**PROVIDED RECORDS:**
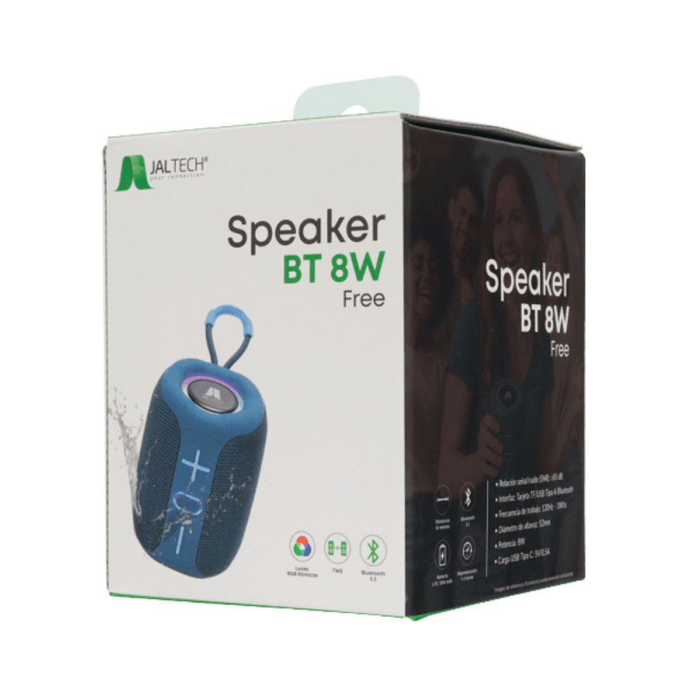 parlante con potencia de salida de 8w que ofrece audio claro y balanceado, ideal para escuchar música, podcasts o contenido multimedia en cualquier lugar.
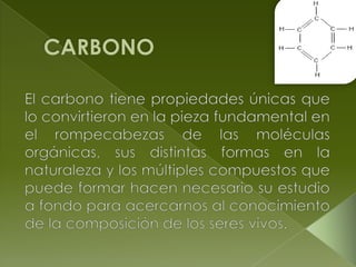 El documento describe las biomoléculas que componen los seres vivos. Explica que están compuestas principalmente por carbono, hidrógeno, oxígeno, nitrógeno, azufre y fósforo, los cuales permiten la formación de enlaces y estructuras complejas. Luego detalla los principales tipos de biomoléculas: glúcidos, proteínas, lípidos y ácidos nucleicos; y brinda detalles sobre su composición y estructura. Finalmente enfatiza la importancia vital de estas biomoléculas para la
...
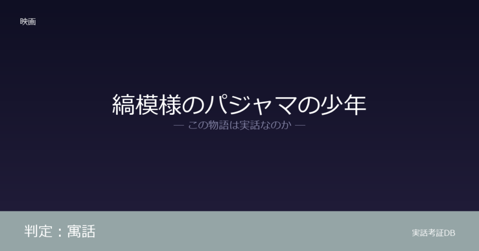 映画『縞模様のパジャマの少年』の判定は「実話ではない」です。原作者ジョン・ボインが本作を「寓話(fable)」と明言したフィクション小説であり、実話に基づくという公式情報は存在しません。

**YOUR INSTRUCTIONS:**
For this exercise, reproduce exactly the lines of the records above from the one with "parlante con potencia" up to and including the one with "El documento describe", without pictures.

**OUTPUT FOR THIS EXERCISE:**
 parlante con potencia de salida de 8w que ofrece audio claro y balanceado, ideal para escuchar música, podcasts o contenido multimedia en cualquier lugar.
 El documento describe las biomoléculas que componen los seres vivos. Explica que están compuestas principalmente por carbono, hidrógeno, oxígeno, nitrógeno, azufre y fósforo, los cuales permiten la formación de enlaces y estructuras complejas. Luego detalla los principales tipos de biomoléculas: glúcidos, proteínas, lípidos y ácidos nucleicos; y brinda detalles sobre su composición y estructura. Finalmente enfatiza la importancia vital de estas biomoléculas para la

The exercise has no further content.